Me levanto agitado y empiezo a correr dentro del transporte público, de punta a punta, a la vez que voy gritando el jingle de un anuncio de macarrones que he visto por la televisión el día anterior. Creo que todavía no estoy recuperado del todo.
Una mujer detiene mi frenética carrera con una solemne bofetada que me hace recobrar completamente el sentido común. Le doy las gracias. Ella sonríe y me pide una cita. Me siento halagado, pero rechazo su oferta. Aunque está de muy buen ver, la verdad es que las octogenarias nunca han sido mi tipo.
Compruebo que un asiento ha quedado vacío y me dispongo a conquistarlo sin piedad. La buena noticia es que no opone resistencia. La mala, es que la humedecida tela que lo recubre me hace pensar que al pasajero anterior se le ha derramado un vaso de agua o se ha orinado encima. El reconfortante calor que abraza mis nalgas, hace que me decante por la segunda opción.
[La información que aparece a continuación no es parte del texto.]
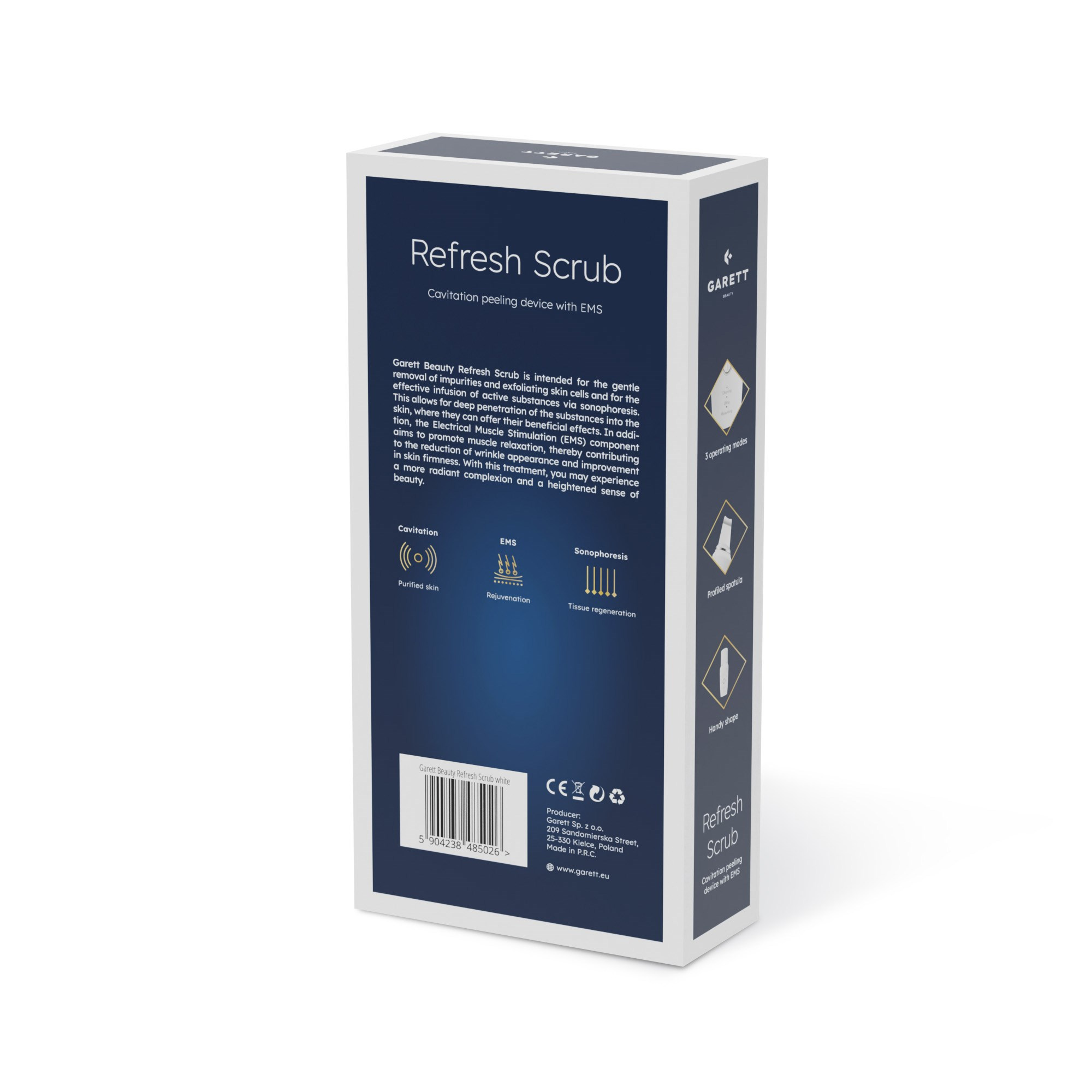 Díky ultrazvukovým vlnám o frekvenci až 26 000 Hz Garett Beauty Refresh Scrub odstraňuje odumřelé buňky, nečistoty a přebytečný maz a odhaluje zářivou pleť. Pravidelné používání zlepšuje prokrvení, metabolismus a snižuje otoky. Dopřejte si hladkou, svěží pleť bez námahy.
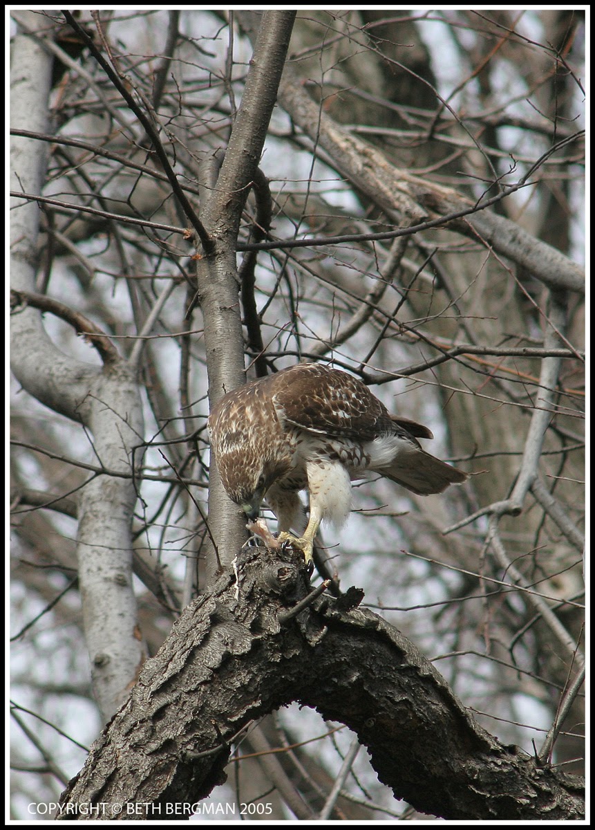 | A hawk lover had tied raw chicken breast to a limb. "I want to help the babies", she explained. Oy!!! Not a good idea. |
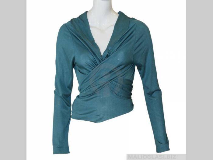 Zenska bluza na prekop.Vezivanjem na razlicite nacine,mozete imati 3 modela ove bluze.Velicina univerzalna.Dostupna u plavoj,koralno crvenoj i svetlo zutoj boji.Sastav pamuk,svila i likra.
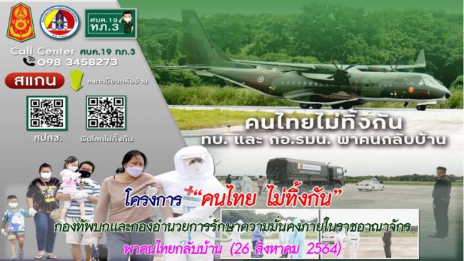 โครงการ “คนไทย ไม่ทิ้งกัน” กองทัพบกและกองอำนวยการรักษาความมั่นคงภายในราชอาณาจักร พาคนไทยกลับบ้าน
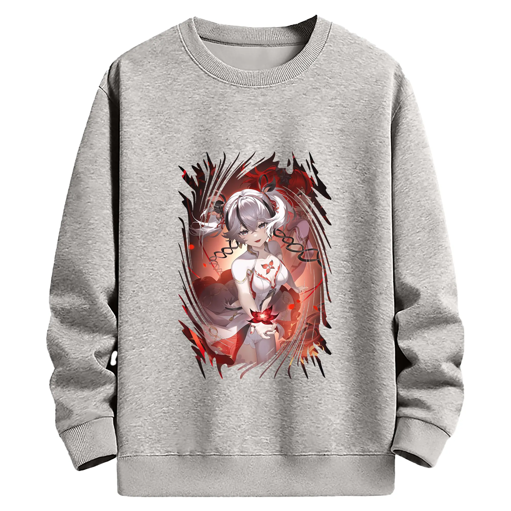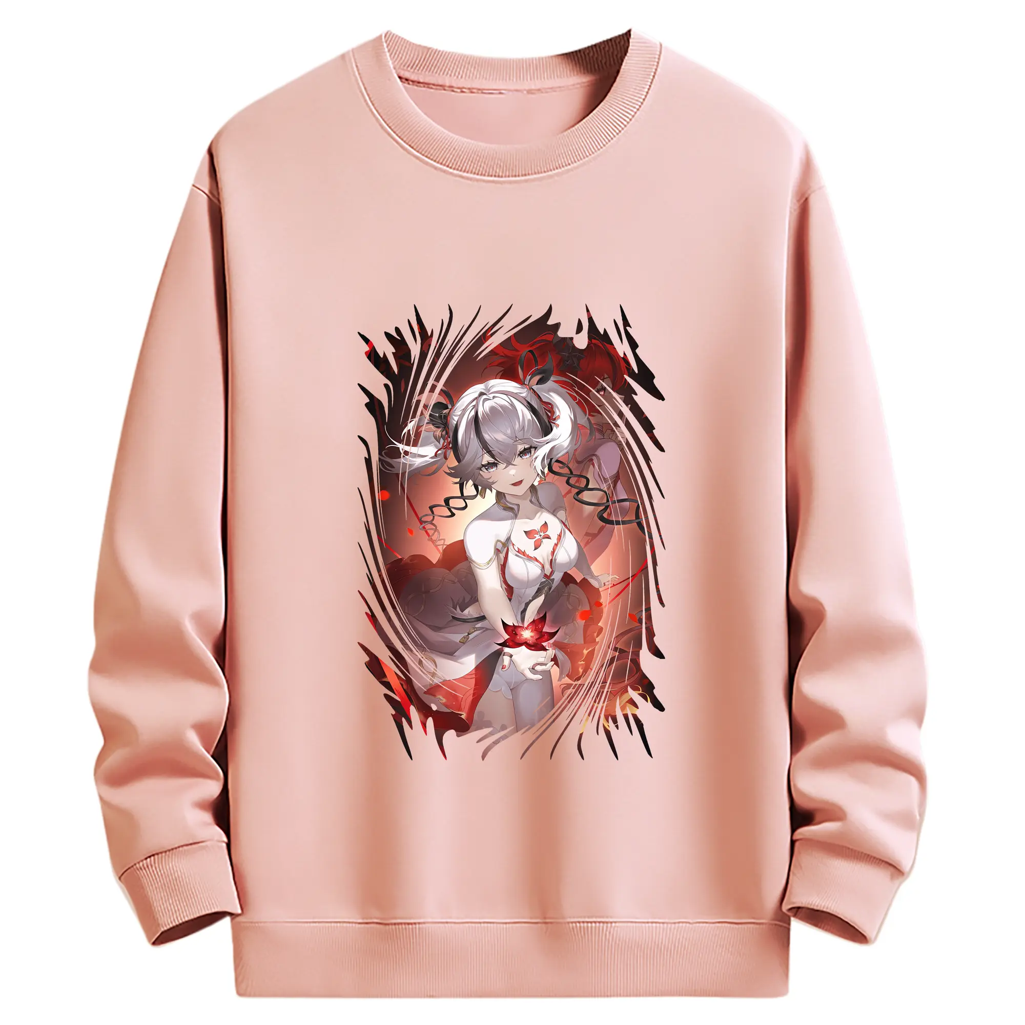 鳴潮 グッズ ツバキ - 薄手 クルーネック スウェット 裏毛260g · ポリエステル 春秋向け カジュアル 男女兼用 · トレーナー デイリー スポーツ 散歩に最適
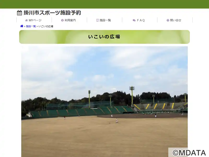 静岡県掛川市の「いこいの広場」にある市営野球場。通称、掛球。両翼92m、中堅120mの外野天然芝グラウンドに、パネル式スコアボード、最大約12,000人収容できる観客スタンドを備え、硬式野球にも対応。全国高校野球の地区大会や、JDリーグの公式戦も開催される。周囲は自然に恵まれた開放的な環境ながら、天竜浜名湖鉄道「いこいの広場駅」から徒歩5分とアクセスも良好で、地域のスポーツ活動の拠点となっている。
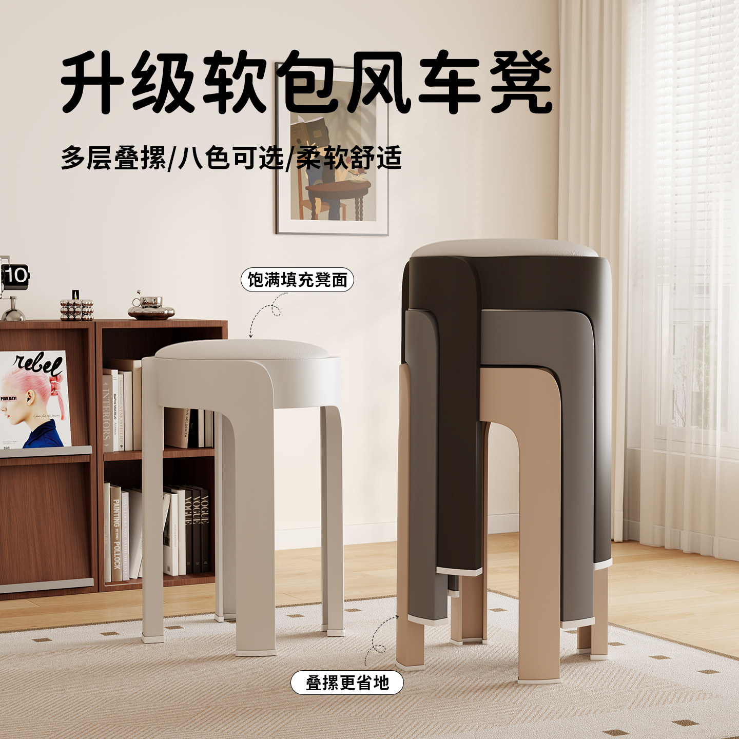 日本叠放软包凳子家用加厚结实塑料高圆凳轻奢高级感客厅餐桌椅子

Todavía queda un rato para llegar a mi destino, así que aprovecho para sacar un libro de mi mochila y leer un poco. Se titula Mil y una formas de llamar a la puerta. Es la tercera parte de una interesantísima trilogía, capaz de abstraerte por completo. Sin embargo, hay algo que impide que me concentre. Noto como los ojos de la anciana se clavan en mi nuca, aunque también podría ser un mosquito. No, sin duda se trata de ella. Lo sé porque empieza a piropearme de forma obscena a la vez que zapatea violentamente el suelo con la pierna izquierda. Parece estar poseída. La situación es embarazosa. Me giro y le digo que soy un hombre respetable y que no voy a ceder a sus intentos por corromper mi inocencia sexual. Me llama gallina y otras cosas más graves. Ya no lo aguanto más. Soy demasiado frágil emocionalmente y me rompo en mil pedazos como un cristal.
Mis lágrimas inundan medio autobús. A lo lejos veo como una lancha se acerca a rescatar a los náufragos. Gracias a haber hecho un curso de natación por correspondencia, consigo alcanzar la puerta de salida sin problemas.
3 comentarios:
Es extraño e interesante. De todos modos, la vida ya se me antoja algo similar a esto :D Está bien, me ha hecho gracia, jajaja xD
…Genial
Cada nueva locura te hace olvidar la anterior... me recuerda a un relato de Monzó en el que se lía con dos hermanas floristas aunque en este caso deriva más en pesadilla...o no!